Тошнотворный запах страха! Теперь они держат нас за яйца. Мы попали в тиски. Теперь наша очередь.
— Шестьдесят градусов — усиливается — шумы появились на двухстах градусах!
В моей голове гремят два, потом еще четыре разрыва. Если так дальше пойдет, они сорвут наши люки, грязные свиньи!
Слышатся стоны и истеричное всхлипывание.
Лодку трясет, как самолет, провалившийся в воздушную яму.
Они накрывают нас ковром.
Удар сбивает двух человек с ног. Я вижу вопящий рот, дрыгающиеся ноги, два лица, искаженные ужасом.
Еще два взрыва. Океан превратился в одну сплошную обезумевшую от ярости массу воды.
Рев затихает, и внезапно наступает тишина. Становятся слышны лишь самые неотъемлемые звуки: слитное гудение моторов, напоминающее жужжание насекомых, дыхание людей, непрерывно капающая вода.
— Передние — десять вверх, — шепчет шеф.
Завывание моторов рулей глубины пробирает меня до мозга костей. Ну почему все вокруг должно издавать столько громких звуков?
Разве Старик не сменит курс? Мы не будем поворачивать? Или он попробует прорваться за кольцо окружения, двигаясь прямо вперед?
Почему акустик молчит?
Если он ничего не сообщает, это означает лишь одно: двигатели на поверхности встали. Но эти сволочи не могли уйти так быстро, чтобы он не услышал их отступления. Итак, они затаились. Они уже пару раз применяли подобную уловку. Но шум эсминца никогда не пропадал на такое длительное время…

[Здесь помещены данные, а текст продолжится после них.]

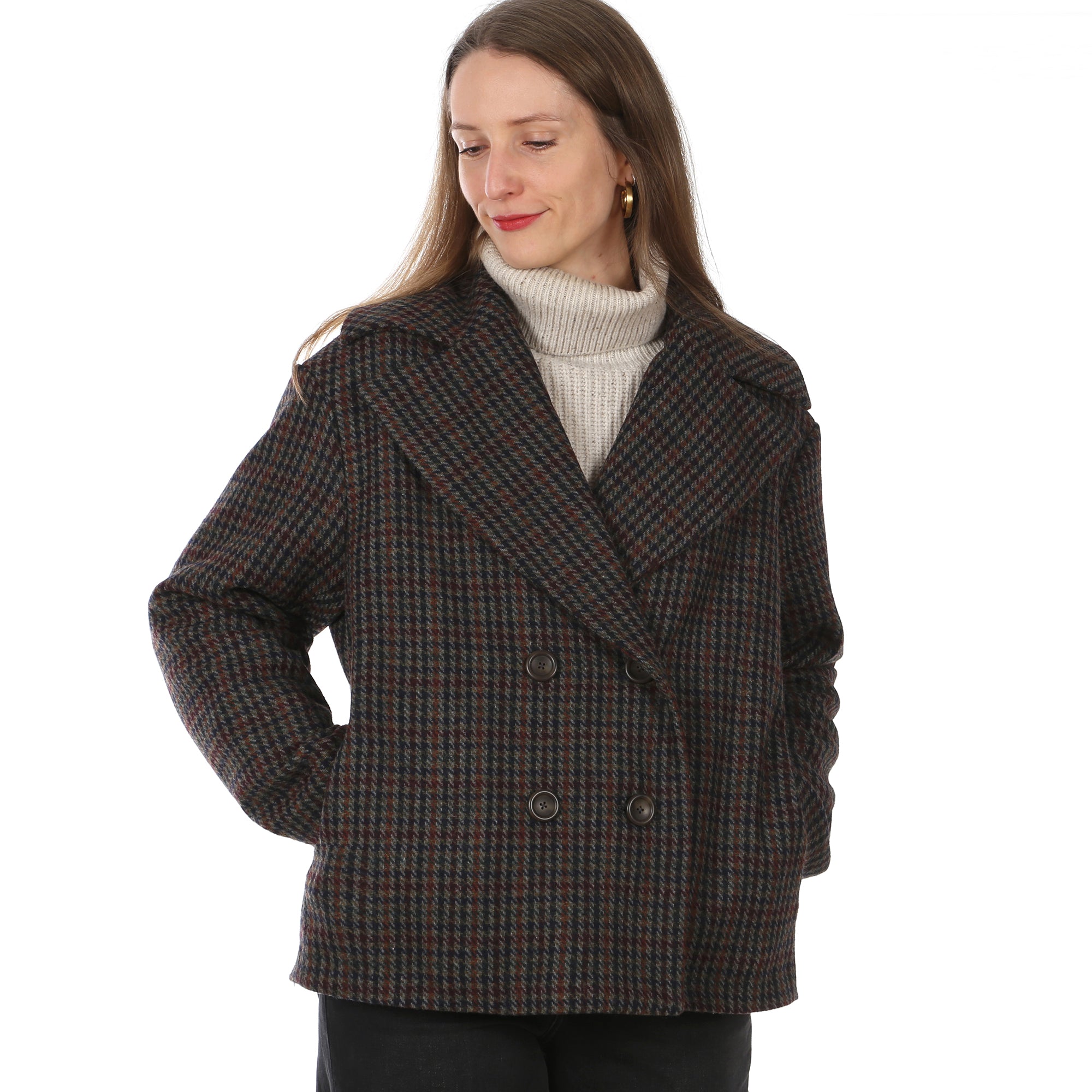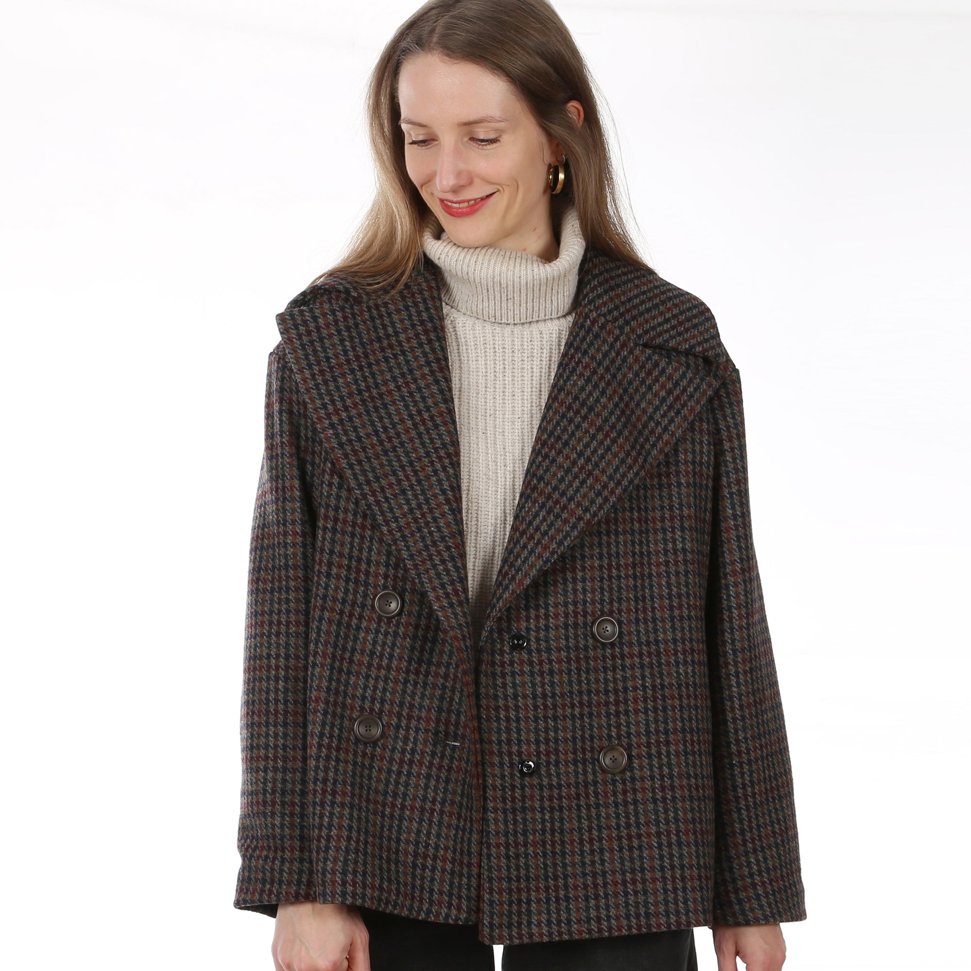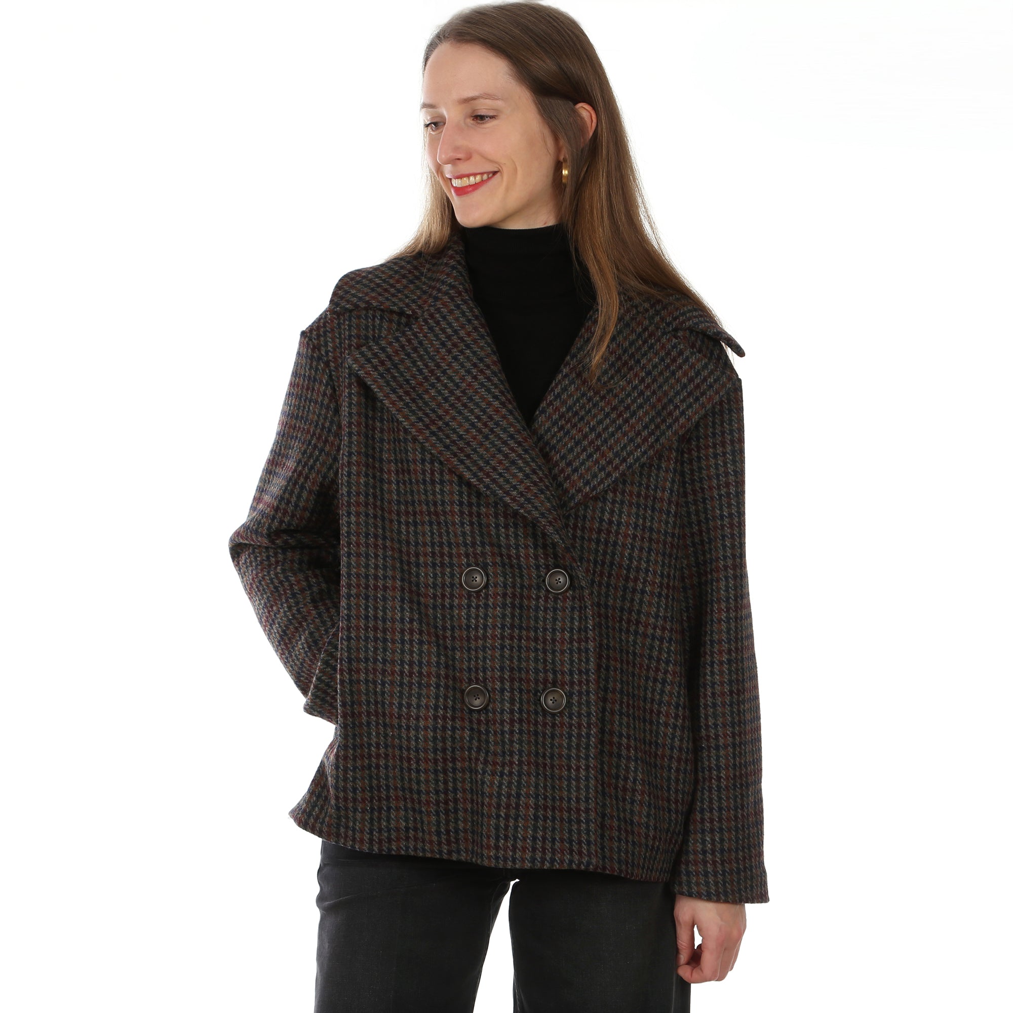 Der moderne Kurzmantel verbindet klassische Elemente mit einem Hauch Lässigkeit. Ob im Alltag, im Büro oder bei besonderen Anlässen – FRAU LAURA ergänzt gekonnt jedes Outfit. Der große Reverskragen setzt ein modisches Statement. Die doppelreihige Knopfleiste unterstreicht den stilvollen Charakter. Leicht über schnittene Schultern sorgen für eine legere Note. Eingriffstaschen bieten Platz für alles Wichtige. Innen zeigt FRAU LAURA ebenso Klasse: Das durchgehende Futter sorgt für hohen Tragekomfort, einen schönen Fall und ein besonders hochwertiges Finish.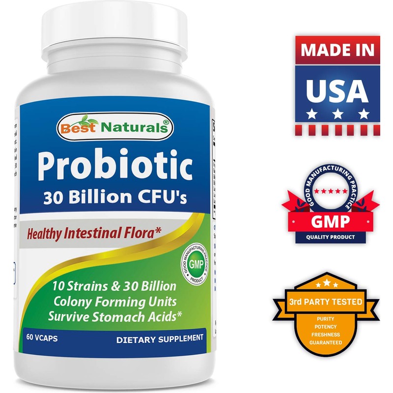 Best Naturals Probiotic 10 Strains & 30 Billion CFU Intestinal Flora, 60 Veggie Capsules (60 Count (Pack of 1))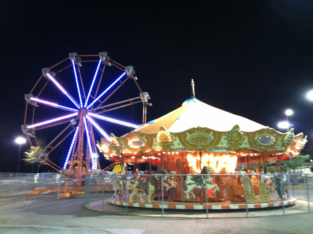Empty amusement park on a cold night. Bumper cars, then mini-golf accompanied by the sounds of I-95 and freight trains.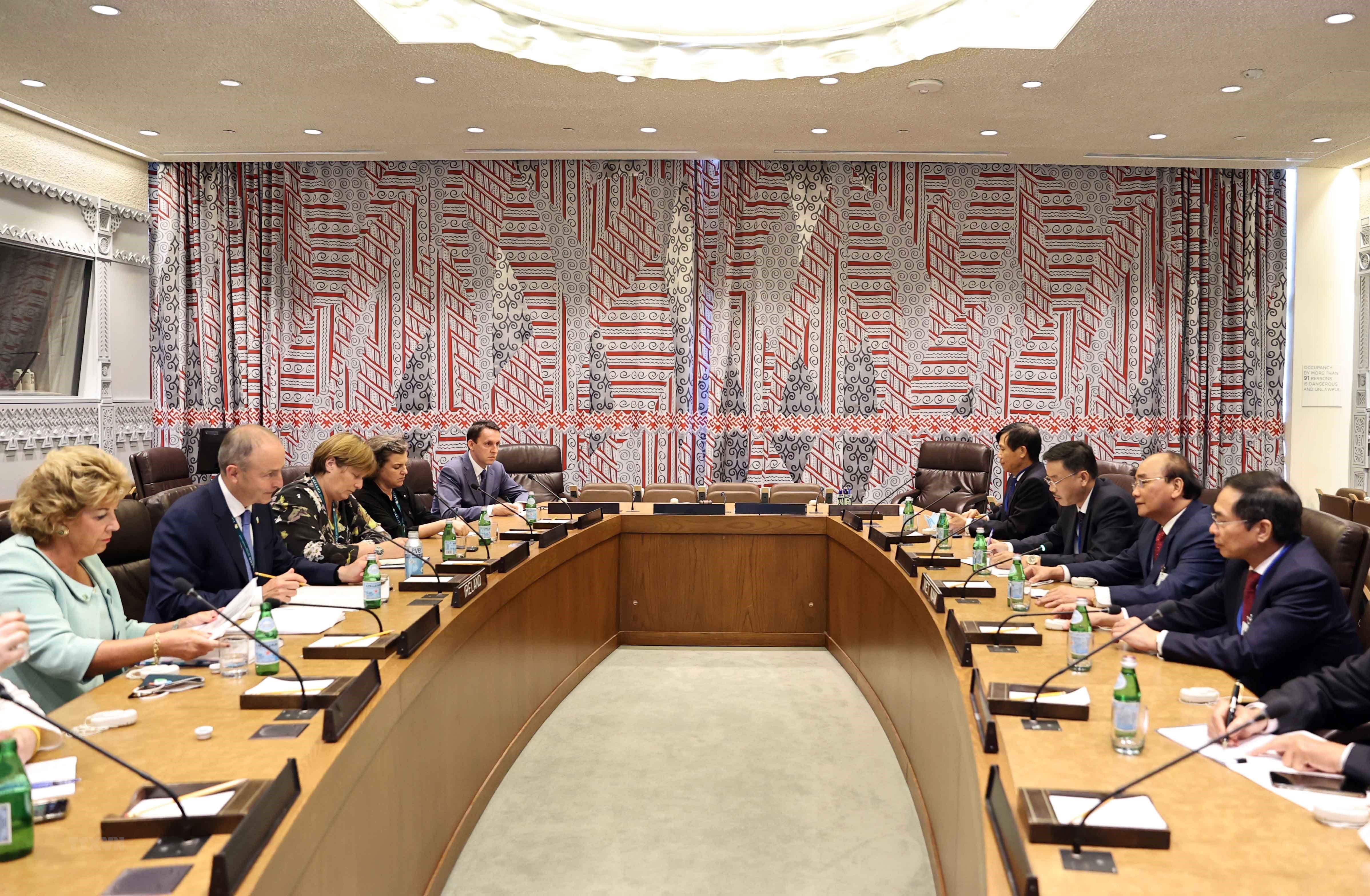 Tại cuộc gặp ngài Micheal Martin, Thủ tướng Ireland, nước Chủ tịch luân phiên của Hội đồng Bảo an Liên hợp quốc tháng 9-2021, hai nhà lãnh đạo bày tỏ vui mừng khi ngay cả trong bối cảnh dịch COVID-19, kim ngạch thương mại hai chiều giữa hai nước năm 2020 vẫn đạt 4,2 tỷ USD. Nhân dịp kỷ niệm 25 năm thiết lập quan hệ ngoại giao, Chủ tịch nước đề nghị sau khi kiểm soát tốt dịch bệnh, hai bên sớm nối lại việc trao đổi đoàn và tiếp xúc các cấp, thúc đẩy hợp tác trong các lĩnh vực khác. Chủ tịch nước Nguyễn Xuân Phúc mong Thủ tướng Ireland quan tâm, thúc đẩy Quốc hội Ireland sớm phê chuẩn Hiệp định Bảo hộ đầu tư Việt Nam - EU (EVIPA); tiếp tục duy trì ODA cho Việt Nam trong thời gian tới. Chủ tịch nước đề nghị Ireland hỗ trợ Việt Nam tiếp cận với nguồn cung vaccine, xem xét cung cấp các thiết bị y tế như máy thở, bộ kít xét nghiệm cho Việt Nam. Nhân dịp này, Chủ tịch nước Nguyễn Xuân Phúc đã cảm ơn sự phối hợp của Ireland tại Hội đồng Bảo an trong thời gian qua.

Старик держит прежнюю глубину и курс.
Проходит пять минут, и тут глаза акустика неожиданно расширяются, он начинает бешено крутить ручку настройки. Его лоб прорезают глубокие морщины. Сейчас они снова пойдут в атаку. Я не слушаю более его рапорта. Вместо этого я стараюсь сконцентрировать усилия на том, чтобы усидеть на своем месте. Раздаются два громких треска.
— Лодка набирает воду! — сквозь последовавший за взрывом рев с кормы доносится вопль.
— Выражайтесь по форме, — шипит командир на невидимого человека.
Набирает воду! Этот бестолковый морской жаргон! Такое впечатление, как будто лодка что-то делает с водой, употребляет ее. Но как ни назови, а «набор воды» — самое плохое, что могло случиться с нами в подобной ситуации.
Мне кажется, словно следующий удар пришелся прямо в пах. Не кричать! Я до боли в челюстях стискиваю зубы. Вместо меня кричит кто-то другой, таким фальцетом, который проникает через меня насквозь. Луч фонарика описывает круги в поисках визжащего человека. Я слышу новые звуки: стук зубов, похожий на дробь кастаньет, затем шмыганье, хлюпанье. Но рыдает не один мужчина.
Мне на колени падает чье-то тело, чуть было не опрокинув меня. Я чувствую, как кто-то поднимается, ухватившись за мою ногу. Но тот первый, кто рухнул мне на колени, остается лежать плашмя на плитах палубы.
Аварийный фонарь над столом штурмана не зажигается на этот раз. Под прикрытием темноты может незаметно распространиться паника.
Вновь слышны истошные рыдания. Они доносятся от кого-то, скрючившегося у водяного распределителя. Я не вижу, кто это. Внезапно в той стороне оказывается помощник по посту управления, который отвешивает ему такой удар по спине, что он вскрикивает.
Старик оборачивается так, словно его укусил тарантул и отрывисто бросает в сторону распределителя:
— Сообщите мне, когда это прекратится!
Кто? Помощник по посту управления? Тот, кого он ударил?
Когда освещение восстановлено, я вижу, что молча рыдает новенький вахтенный.
Старик велит идти средним ходом.
— Обе машины средний вперед! — подтверждает рулевой.
Это означает, что теперь плавучесть лодки невозможно поддержать на малом ходу. Слишком много воды просочилось в кормовой отсек.
Шум винтов слышится отчетливее, чем когда бы то ни было. Рычащий ритмичный пульс. В качестве контрапункта подойдут звук холодильного агрегата мороженщика, к которому примешиваются стрекотание миксера и жужжание дрели. Полный вперед!
Стрелка глубиномера прошла еще несколько делений вперед. Лодка медленно погружается. Шеф не в силах остановить ее — продувание цистерн вызовет слишком много шума, а о том, чтобы откачать воду, не приходится и мечтать.
— Сто девяносто градусов! — докладывает акустик. — Сто семьдесят градусов!
— Курс шестьдесят градусов! — приказывает командир и убирает туго натянутый стальной трос перископа. — Будем надеяться, мы не оставляем за собой масляный след, — замечает он как бы невзначай.